▸ Information given:
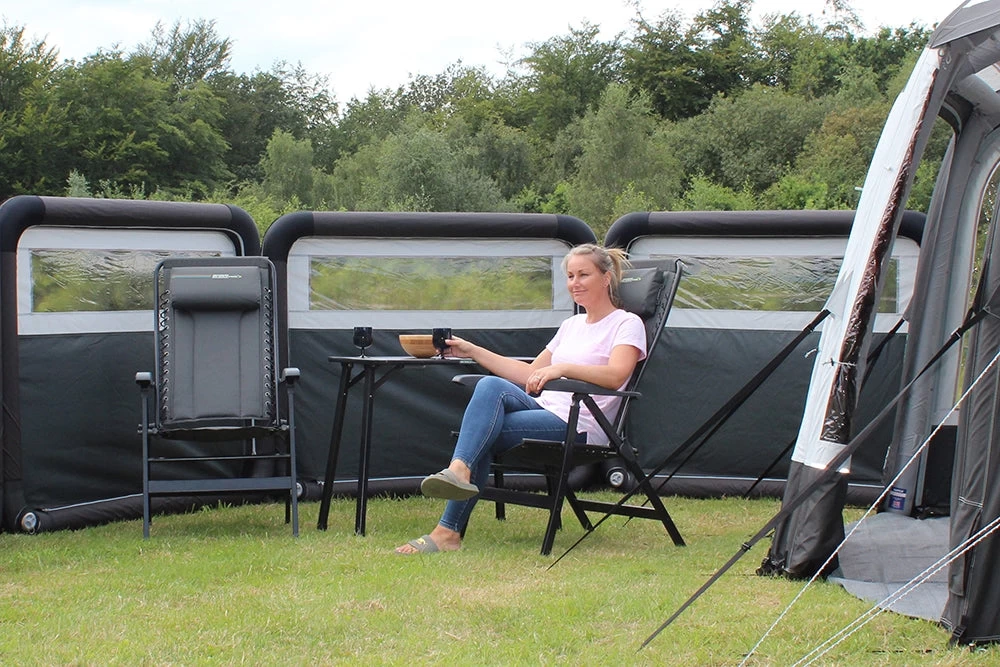 The Oxygen Windbreak is the most practical, flexible and innovative windbreak on the market for the new season. Joining Outdoor Revolution’s growing collection of exclusive registered designs; the premium five metre Oxygen Windbreak three paneled inflatable windbreak has been designed to effectively deflect wind for up to five metres around your touring arrangement, whilst featuring a coordinated design to complement the contemporary aesthetic of our latest caravan awnings, drive away awnings and family tents. This windbreak can be infinitely extended, as much as you desire, using our Optional Zip-On Panel Sections. Each section is flexibly hinged, enabling you to adjust the configuration of the windbreak to suit your personal preference. We have situated an upper window panel on each section, allowing you to retain an excellent outlook of any surroundings, whilst relaxing behind the windbreak. This windbreak can be attached to your caravan, using our Optional 6mm Kadar Strip.
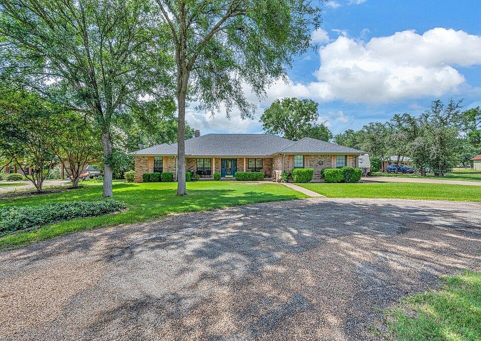 Additional parking is available with a circular drive and a straight drive for cars and an RV. Conveniently located with easy access to Highway 6, it's just an 18-mile commute to Waco, TX, and close to local schools. The quiet area is teeming with wildlife and backs up to a large wooded ranch. The well-established yard includes a sprinkler system and a 14x20 workshop/storage build
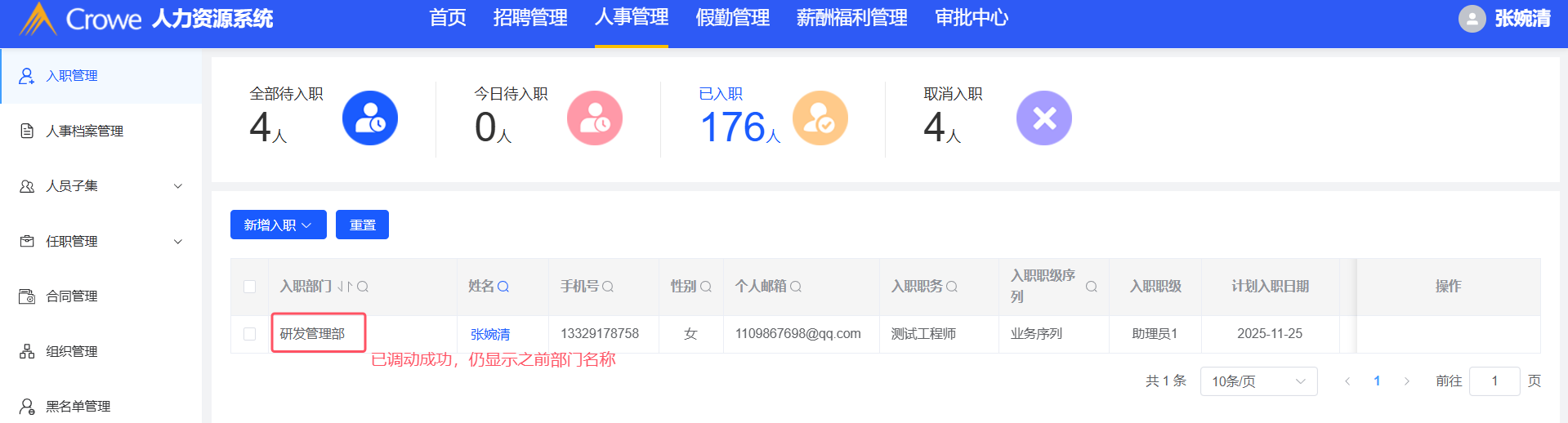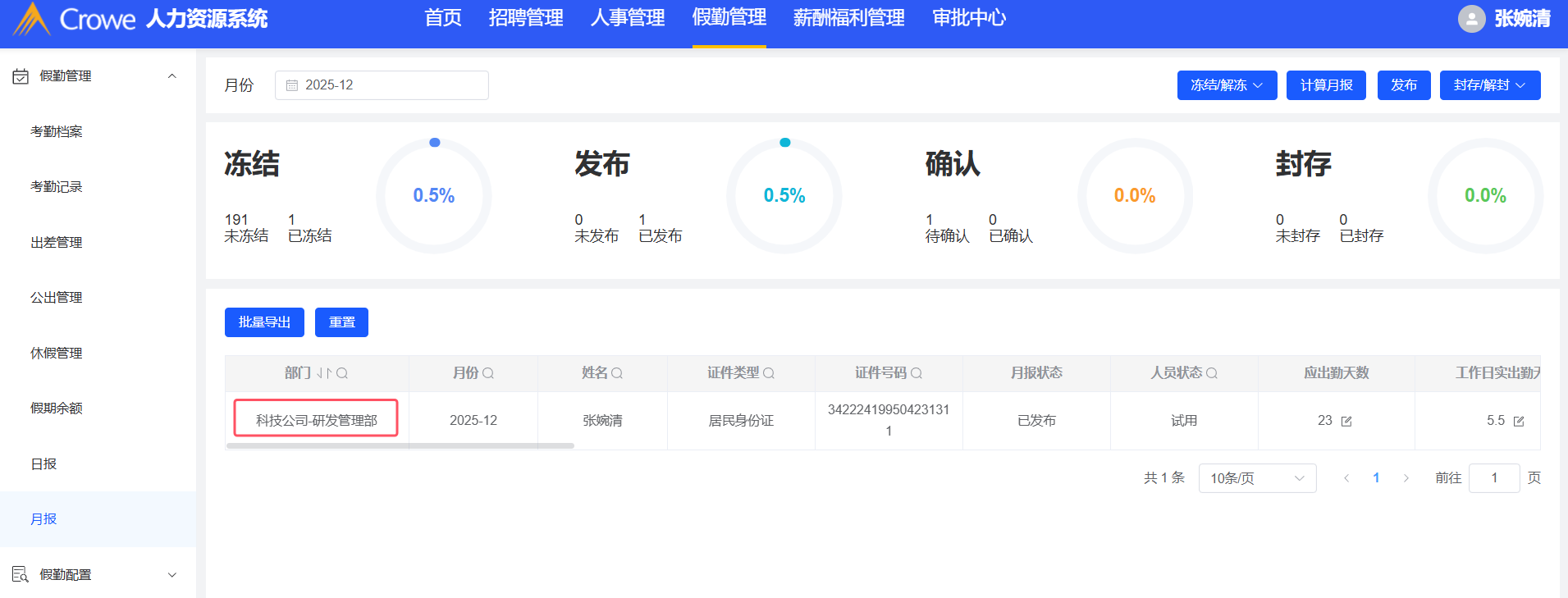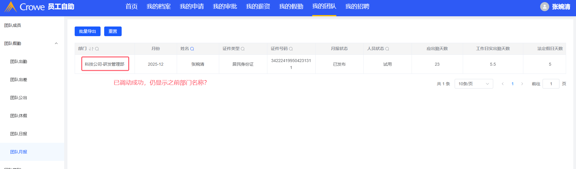 已关闭员工自助-我的团队-团队月报:人员部门已调动,仍显示之前的部门
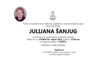 Julijana Šanjug, utorak 03.02.2026. u 14:30h, Lukač
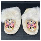 Lot #28 Handmade Alaskan Native Beaded Moccasins, Fur Trim Slippers, Vintage Souvenir
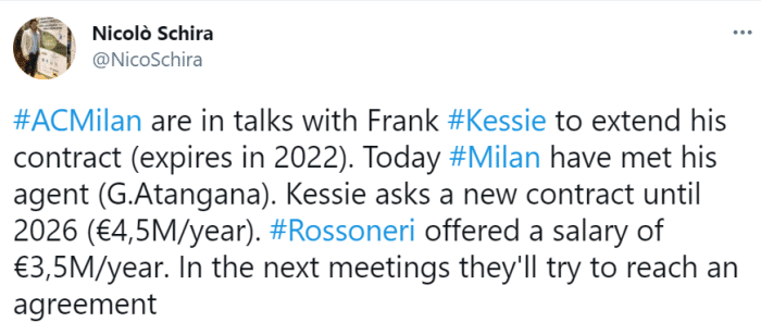 目前,他与米兰的合同将在2022年6月到期,俱乐部也迫切希望与这名科特迪瓦国脚续约。
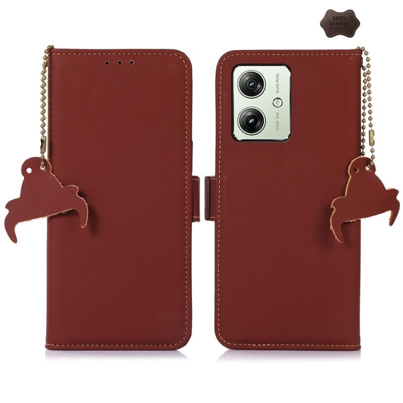 Θήκη τηλεφώνου από γνήσιο δέρμα με μαγνητικό κλείσιμο και προστασία RFID για Motorola Moto G64 5G (Καφέ)
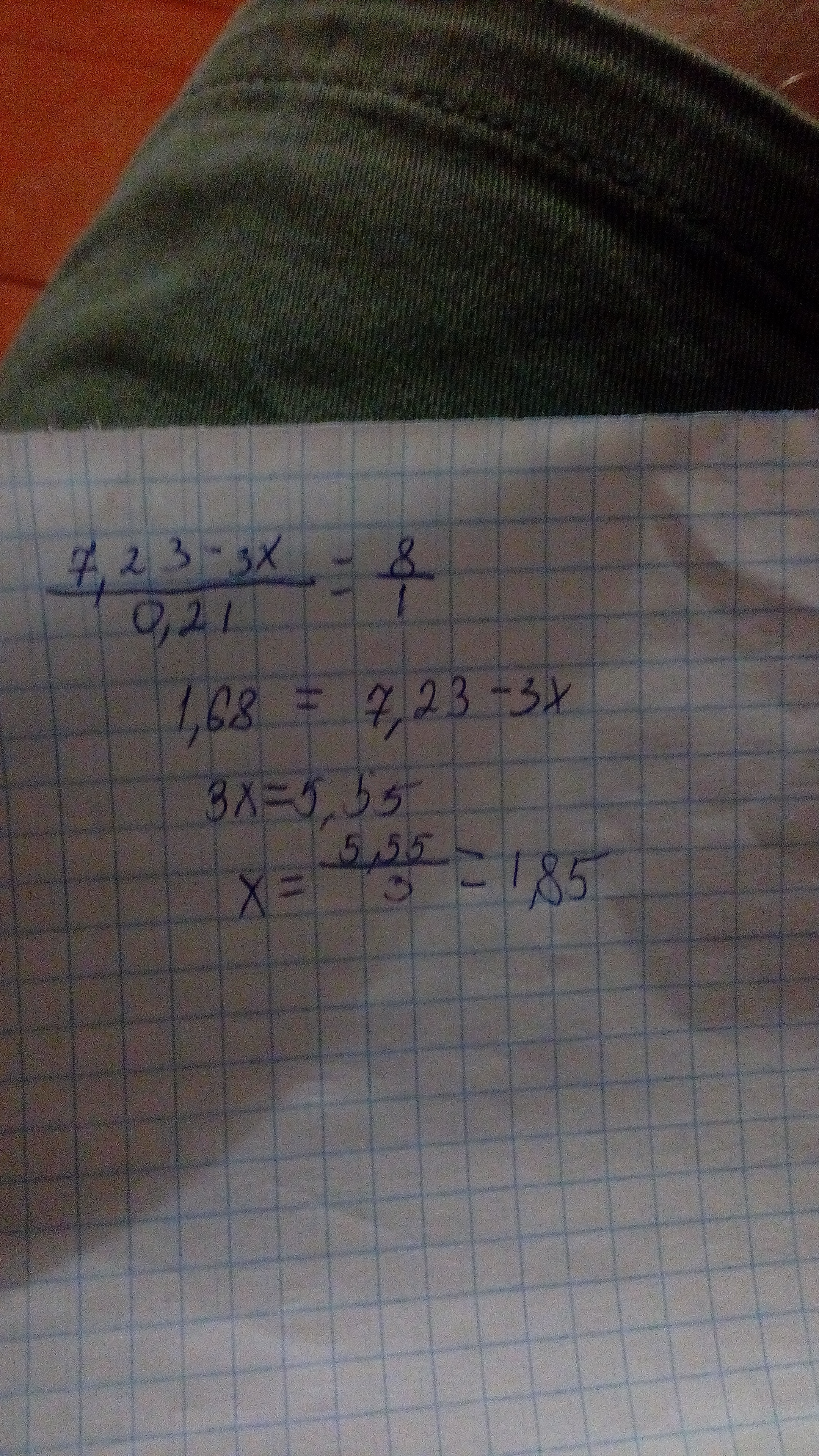(7,23-3X):0,21=8;
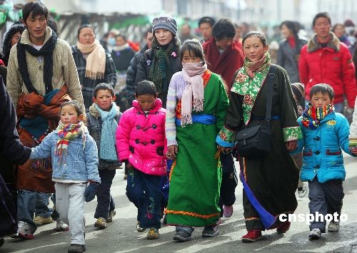 拉薩市城關(guān)區(qū)納金鄉(xiāng)嘎巴村村民穿著民族盛裝歡度藏歷新年。中新社發(fā) 廖攀 攝
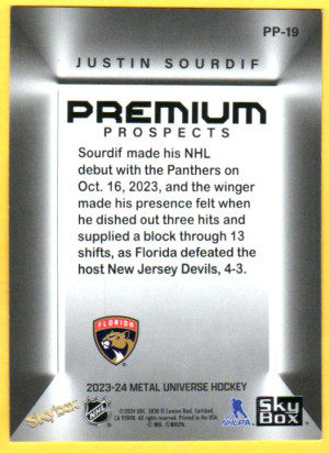 Justin Sourdif #PP-19 2023 SkyBox Metal Universe Premium Prospects
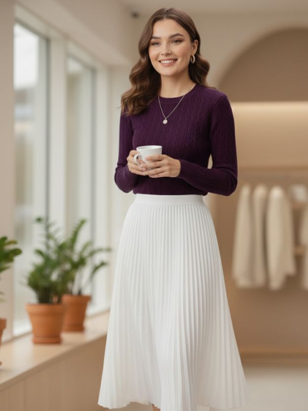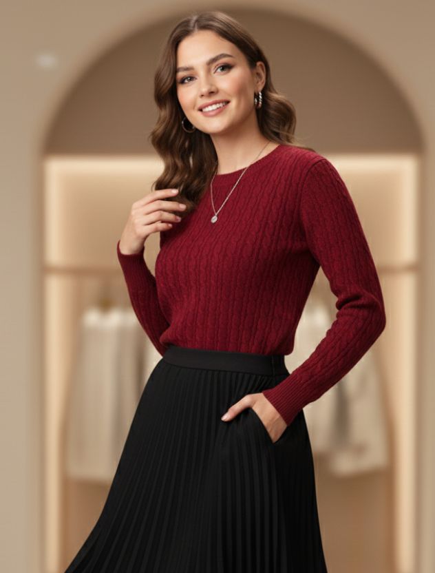 Crewneck Cable Knit Sweater.
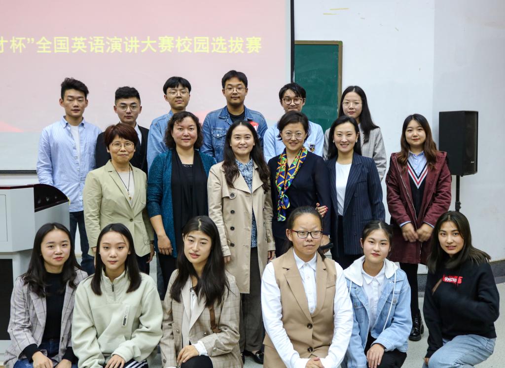 2019年10月11日下午,威尼斯人app 第六届外语技能系列大赛暨“外研社·国才杯”全国英语演讲大赛校园选拔赛在舜耕校区第二阶梯教室举行。高永红、马宏伟、王朋、解玲和张斐瑞五位老师担任评委,2018级英语专业于淑涵和2017级英语专业王哲娴担任主持人,威尼斯人app 各年级同学观摩了演讲比赛。
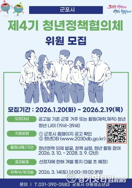 [경기핫타임뉴스=김삼영 기자] 군포시(시장 하은호)는 제4기 군포시 청년정책협의체 위원을 오는 2월 19일(목)까지 모집한다고 밝혔다.

▸ What you should do: Only the lines from the one containing "Lot #28 Handmade" through the last line of the entries above, both included, belong in the answer, written out exactly; pictures do not.

▸ Exercise result:
 Lot #28 Handmade Alaskan Native Beaded Moccasins, Fur Trim Slippers, Vintage Souvenir
 目前,他与米兰的合同将在2022年6月到期,俱乐部也迫切希望与这名科特迪瓦国脚续约。
 Θήκη τηλεφώνου από γνήσιο δέρμα με μαγνητικό κλείσιμο και προστασία RFID για Motorola Moto G64 5G (Καφέ)
(7,23-3X):0,21=8;
 拉薩市城關(guān)區(qū)納金鄉(xiāng)嘎巴村村民穿著民族盛裝歡度藏歷新年。中新社發(fā) 廖攀 攝
 Justin Sourdif #PP-19 2023 SkyBox Metal Universe Premium Prospects
 Crewneck Cable Knit Sweater.
 2019年10月11日下午,威尼斯人app 第六届外语技能系列大赛暨“外研社·国才杯”全国英语演讲大赛校园选拔赛在舜耕校区第二阶梯教室举行。高永红、马宏伟、王朋、解玲和张斐瑞五位老师担任评委,2018级英语专业于淑涵和2017级英语专业王哲娴担任主持人,威尼斯人app 各年级同学观摩了演讲比赛。
 [경기핫타임뉴스=김삼영 기자] 군포시(시장 하은호)는 제4기 군포시 청년정책협의체 위원을 오는 2월 19일(목)까지 모집한다고 밝혔다.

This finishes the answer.